> _RECORDS SHOWN_:

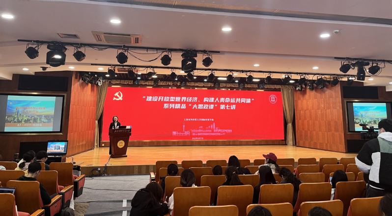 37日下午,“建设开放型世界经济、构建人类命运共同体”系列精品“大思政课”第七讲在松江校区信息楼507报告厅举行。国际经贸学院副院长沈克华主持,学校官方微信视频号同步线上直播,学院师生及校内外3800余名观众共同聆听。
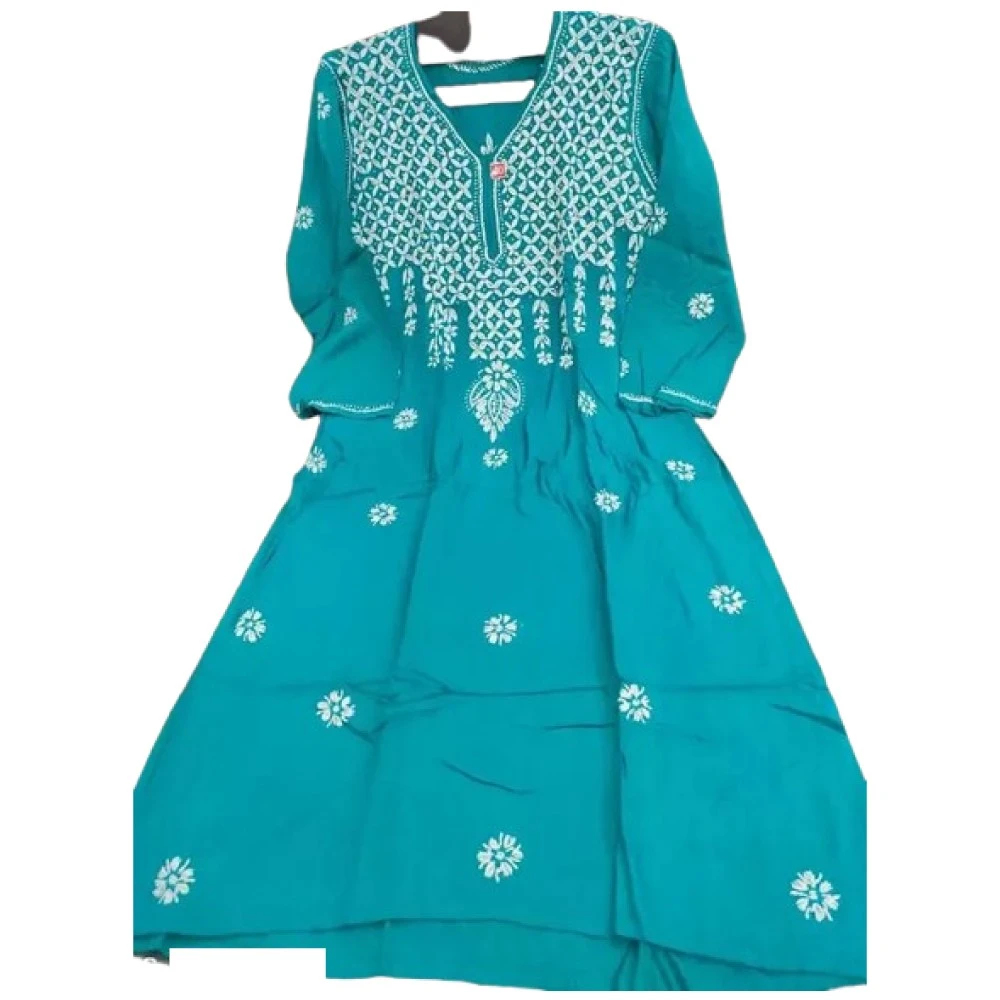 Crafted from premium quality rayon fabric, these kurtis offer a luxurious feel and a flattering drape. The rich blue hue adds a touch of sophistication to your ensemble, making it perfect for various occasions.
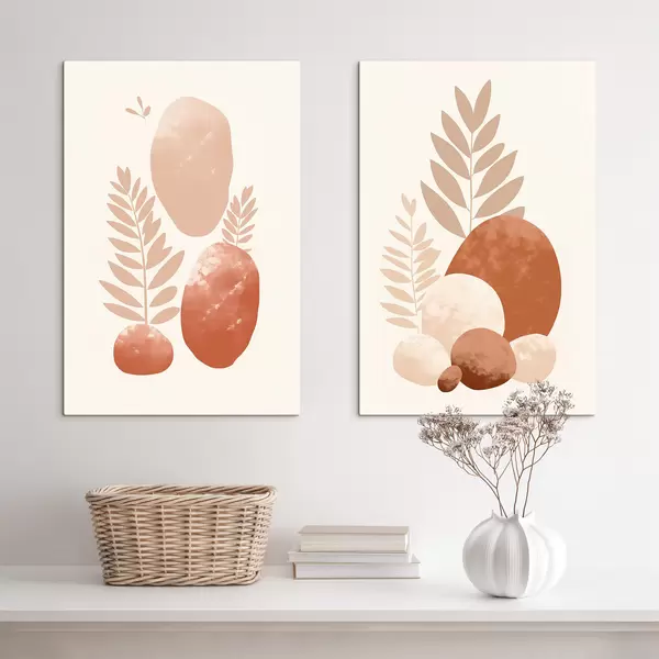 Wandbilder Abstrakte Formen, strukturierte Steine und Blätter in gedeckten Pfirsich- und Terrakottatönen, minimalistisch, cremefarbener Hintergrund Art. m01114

==

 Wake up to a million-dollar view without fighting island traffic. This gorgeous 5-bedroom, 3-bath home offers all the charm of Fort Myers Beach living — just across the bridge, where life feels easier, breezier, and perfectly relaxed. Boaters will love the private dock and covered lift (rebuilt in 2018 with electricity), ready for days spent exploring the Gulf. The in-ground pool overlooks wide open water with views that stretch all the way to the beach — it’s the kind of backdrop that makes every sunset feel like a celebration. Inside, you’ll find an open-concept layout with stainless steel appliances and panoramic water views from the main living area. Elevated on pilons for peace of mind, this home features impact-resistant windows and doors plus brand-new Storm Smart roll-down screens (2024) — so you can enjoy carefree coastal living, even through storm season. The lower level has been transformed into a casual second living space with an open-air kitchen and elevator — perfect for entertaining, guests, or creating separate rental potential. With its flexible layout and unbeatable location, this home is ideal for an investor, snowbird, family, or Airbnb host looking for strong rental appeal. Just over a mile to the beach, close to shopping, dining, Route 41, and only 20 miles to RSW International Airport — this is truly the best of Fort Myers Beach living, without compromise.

> _EXERCISE PROMPT_: Out of the records above, please copy exactly the lines from the line with "Crafted from premium" up to and including the line with "Wandbilder Abstrakte Formen, strukturierte", minus the pictures.

> _WORKED SOLUTION_:
 Crafted from premium quality rayon fabric, these kurtis offer a luxurious feel and a flattering drape. The rich blue hue adds a touch of sophistication to your ensemble, making it perfect for various occasions.
 Wandbilder Abstrakte Formen, strukturierte Steine und Blätter in gedeckten Pfirsich- und Terrakottatönen, minimalistisch, cremefarbener Hintergrund Art. m01114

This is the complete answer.